Ils se tourna vers Kaadji pour lui relater notre conversation. Kaadji lança quelques mots dans la seule langue que nous comprenions ici : « oui, j’ai compris vos préoccupations. Vous êtes curieux des cultures. C’est bien. »
Il abandonnait son dialecte pour nous donner des bons points…
« Je vais vous montrer mon touk ! », dit-il fièrement.
« Purée, on dirait un Corse, grommela Oscar alors que nous arpentions la sente qui descendait jusqu’au port. Le gars fait semblant de ne pas parler la langue que tout le monde parle… et quand tu te rends compte qu’il la maîtrise, tu oses à peine le regarder dans les yeux, ce que lui ne se prive pas de faire… »

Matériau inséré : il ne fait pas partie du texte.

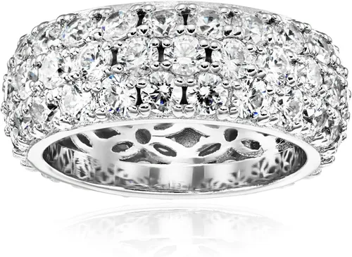 Tienda Essentials Anillo de plata de ley chapada en platino o oro de 3 filas con circonita cúbica redonda de elementos infinitos (anteriormente

Kouhoun, l’enfant, s’accrochait à nos pantalons sans aucune gène. Il tirait dessus pour en éprouver la solidité. Il avait une peau de miel et ses vêtements étaient à peine tâchés. Tous les gens que nous avions vus étaient très propres, comme ce gosse. Mais Kaadji, lui, avait un air négligé qui le différenciait des autres : il n’était pas rasé, ses sourcils étaient d’une noirceur intense. Son compère aveugle avait le visage barré d’une cicatrice légèrement rose.

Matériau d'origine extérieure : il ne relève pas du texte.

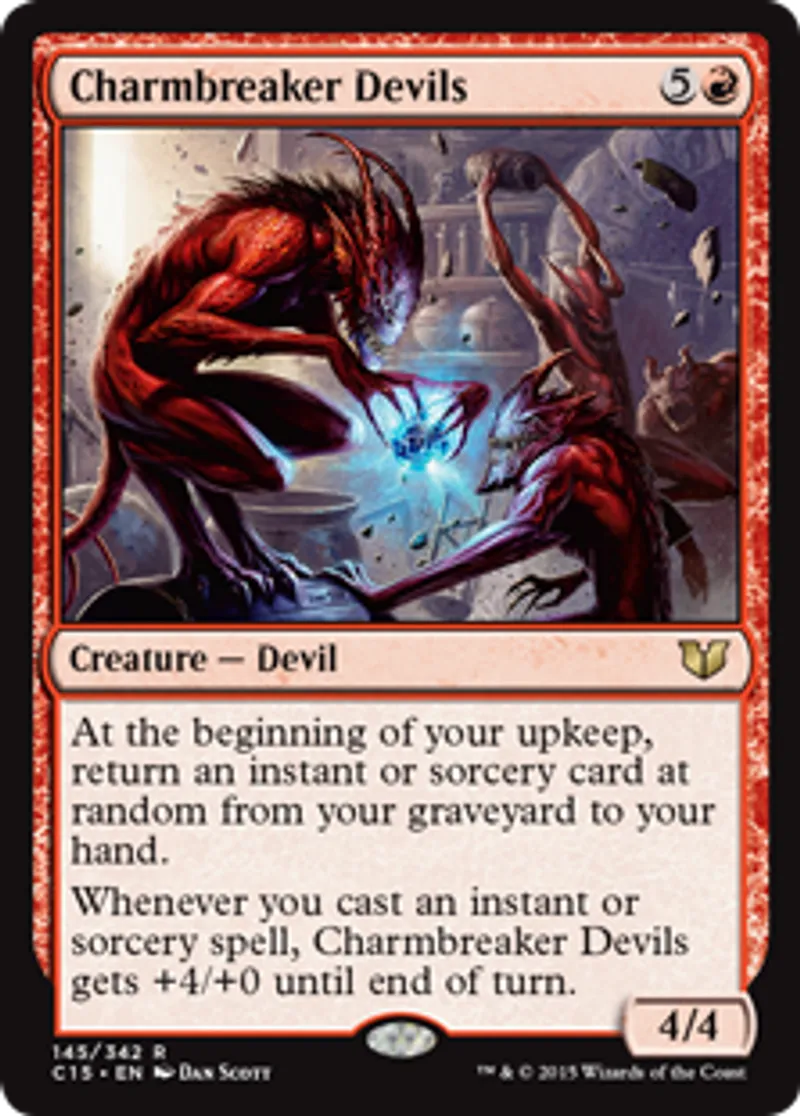 | Oracle Text | At the beginning of your upkeep, return an instant or sorcery card at random from your graveyard to your hand. Whenever you cast an instant or sorcery spell, Charmbreaker Devils gets +4/+0 until end of turn. | ||

Parvenus au bord de l’eau, Kaadji s’approcha d’une machine qui ressemblait à des rouets de fileuse mis en batterie et peints de toutes les couleurs. Il actionna une manette parmi les autres et mit en branle une manivelle. La poulie couinait malgré l’huile qui l’imprégnait. Là-bas, un bateau s’approchait parmi d’autres, tiré par le fil qui le reliait à terre. Etant d’une nature portée à la mise en question des systèmes, je me demandai comment ce mode de rangement des bateaux, en apparence simple et intelligent, n’aboutissait pas à l’entortillement des fils au gré des marées et des courants, à la collision des bateaux…
Quand nous eûmes pris place à bord, je compris : l’autre côté des bateaux était relié à un réseau de poulies aménagé sur un récif au centre de l’anse. Il n’empêche, la manœuvre pour se dégager du port à poulies fut longue et fastidieuse. Plus près du centre du village, quelques bateaux étaient amarrés aux pontons, ceux-là devaient être privilégiés. Milo nous apprit que seuls les marins qui faisaient métier de la pêche avaient l’autorisation pour les pontons.
Bah, qu’importe, nous étions déjà sous voile, en train de tirer des bords dans l’anse de Talava. La brise était pleine et douce. Les embruns nous éclaboussaient joyeusement. Il faisait beau, et nous avions envie de deviser à l’infini, de parler des femmes, de la vie et de la mort.